# Tropical Ice "C" Version



## Rob Fisher (21/12/15)

I don't hang around in this thread very much at all because my last two attempts at real DIY didn't go very well. However mini DIY seems to be working for me... and whats "Mini DIY" you ask?

Well Mini DIY is taking juices you love and mixing them.

It all started some time back when I took plain Menthol Ice and added Coconut concentrate to it and Tropical Ice was born... it then went main stream and continues to be one of Vapour Mountain top sellers.

My next attempt was last week when I took a soon to hit the market Coffee Shake juice that has HUGE potential and mixed it with the new Lemon Creams (Creamy Lemon Biscuit) and Lemon Creams Dripped in Coffee was born for me.

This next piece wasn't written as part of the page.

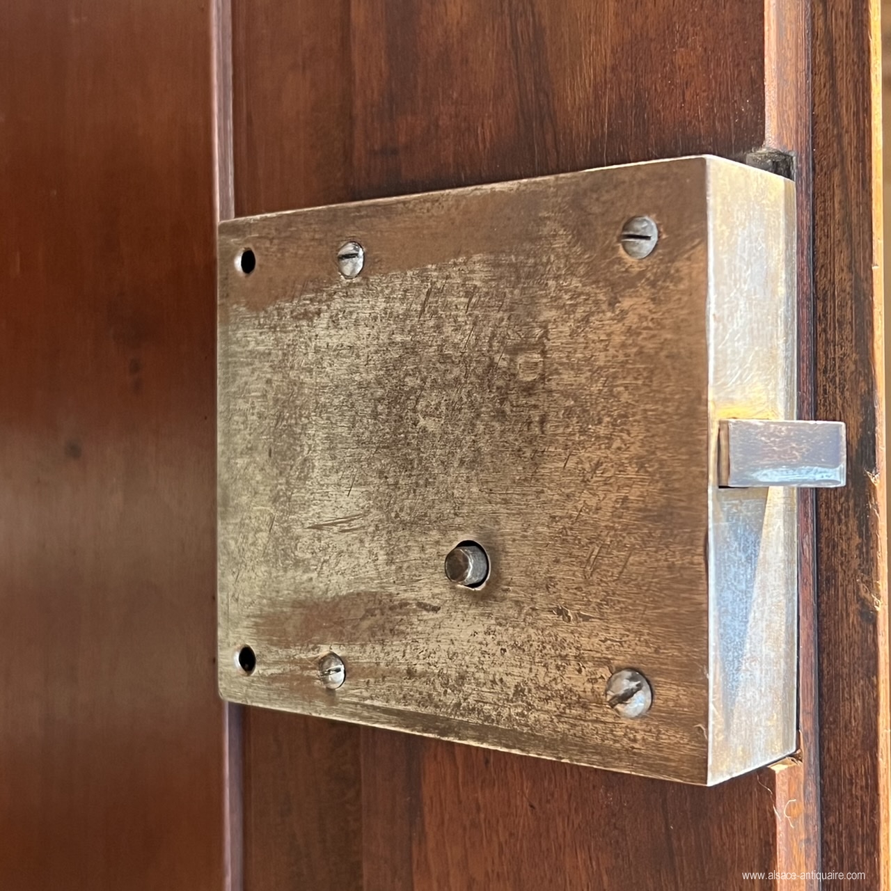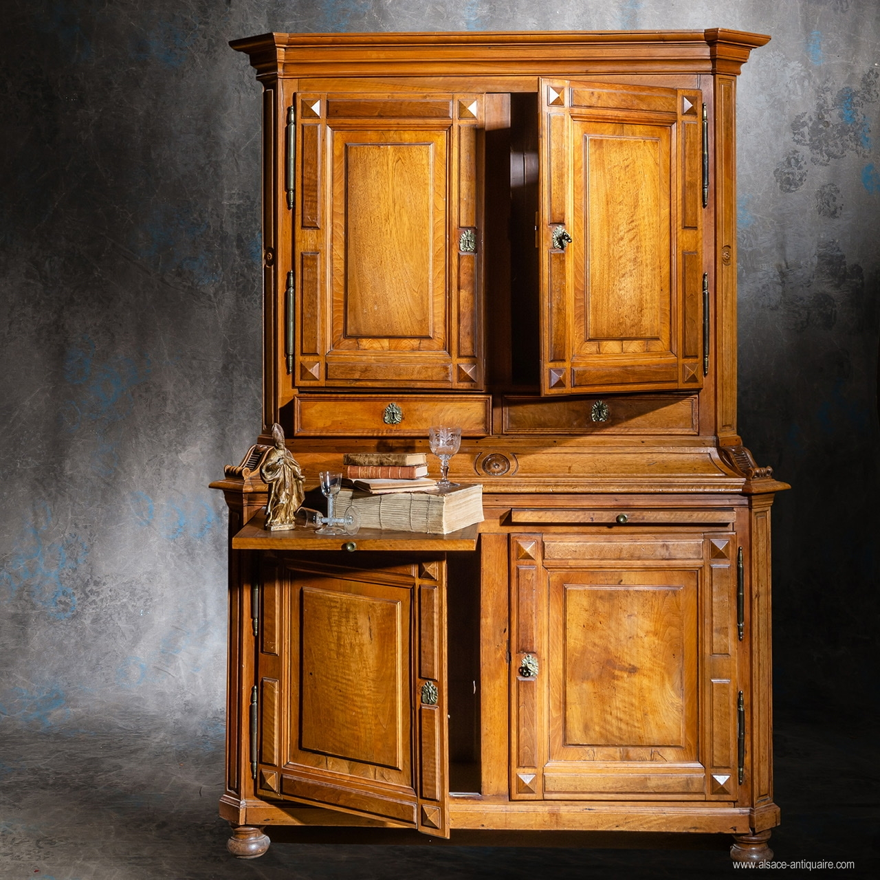 Meuble très architecturé et de conception originale. Ce buffet à deux corps comporte quatre portes, deux tiroirs et deux tirettes. Le bâti est conçu avec des angles à pans coupés habillés de pilastres moulurés et soulignés par un décrochement en saillie de la corniche et du socle, la liaison entre le corps du haut et le corps inférieur se fait par un large socle mouluré, galbé et concave, dont les angles sont sculptés d’une console à volute . Les tiroirs sont intégrés dans le corps supérieur et les tirettes dans le corps inférieur. Les cadres de portes sont habillés en applique de petits coussins rectangulaires au contour mouluré, dont la liaison aux angles se fait par un bossage en pointe de diamant . Belles entrées de serrure en bronze. Une exceptionnelle qualité de noyer à été sélectionnée pour l'exécution de ce très beau meuble 18 ème, dont le dessin à su concilier puissance, élégance et sobriété .

So today I want a Tropical Ice version that I can use in some of my Sub Ohm tanks... straight Tropical Ice is way to powerful to go straight into a tank... I'm still playing with the mix of adding PG/VG and a little extra coconut concentrate to it and so far so good...

Tropical Ice "C" version is being born as we speak!

Reactions: Like 6


----------



## Rob Fisher (21/12/15)

The Steam Engine on the Snow Wolf 200W with Tropical Ice "C".

Reactions: Like 8 | Winner 3


----------



## Silver (21/12/15)

Loving the posts and the pics @Rob Fisher !
There is so much to be gained regarding tweaking juices slightly.
For me, its my bottle of VM menthol concentrate and my PG/VG zero nic bottle - that way I can do quite a bit of tinkering - with some decent results

Reactions: Like 1 | Informative 1


----------



## hands (21/12/15)

That how my diy started, your next step would be to order every concentrate you can get and go mad by making a lot of crap juice and a few gems.

Reactions: Like 1 | Agree 1 | Funny 3


----------



## Viper_SA (21/12/15)

Remember gents, 'caring is sharing'.....

Reactions: Funny 2


----------